# TASK
Please return the full listing word for word, leaving out any pictures.

# AVAILABLE DATA
--- START ---
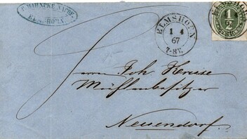 hier nun noch ein mit einer 4 Sk. Marke der Ausgabe 1863 (mit Durchstich) frankierter Brief aus Elmshorn ins eigentliche Königreich Dänemark, nach Nysted. Die Marke mit dem Nummernstempel 114 entwertet. der Kreisstempel "Elmshorn 19.9.1863" danebengesetzt.
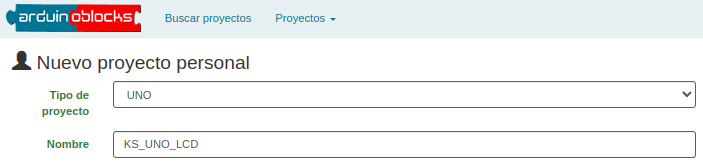 3. Ve a ArduinoBlocks, inicia sesión y comienza un nuevo proyecto del tipo “UNO”:
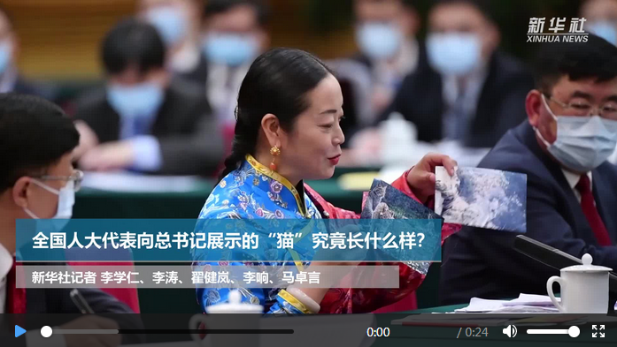 3月7日下午,人民大會(huì)堂東大廳,青海代表團(tuán)審議現(xiàn)場(chǎng),孔慶菊代表拿出照片,請(qǐng)坐在對(duì)面的習(xí)近平總書記觀看。一張照片中,是漫步在草叢中的荒漠貓;另一張,則是行走在樹叢中的雪豹。“以前很少見的珍稀物種,現(xiàn)在頻頻現(xiàn)身了。”孔慶菊說。
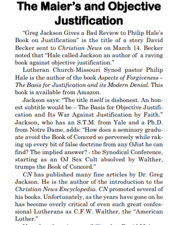 I will send a finished copy to the cub editor of Christian News , so he can assign a review to someone suitably addled from reading the omnia opera of the Objective Justification salesmen.
--- END ---
# EXERCISE RESPONSE
 hier nun noch ein mit einer 4 Sk. Marke der Ausgabe 1863 (mit Durchstich) frankierter Brief aus Elmshorn ins eigentliche Königreich Dänemark, nach Nysted. Die Marke mit dem Nummernstempel 114 entwertet. der Kreisstempel "Elmshorn 19.9.1863" danebengesetzt.
 3. Ve a ArduinoBlocks, inicia sesión y comienza un nuevo proyecto del tipo “UNO”:
 3月7日下午,人民大會(huì)堂東大廳,青海代表團(tuán)審議現(xiàn)場(chǎng),孔慶菊代表拿出照片,請(qǐng)坐在對(duì)面的習(xí)近平總書記觀看。一張照片中,是漫步在草叢中的荒漠貓;另一張,則是行走在樹叢中的雪豹。“以前很少見的珍稀物種,現(xiàn)在頻頻現(xiàn)身了。”孔慶菊說。
 I will send a finished copy to the cub editor of Christian News , so he can assign a review to someone suitably addled from reading the omnia opera of the Objective Justification salesmen.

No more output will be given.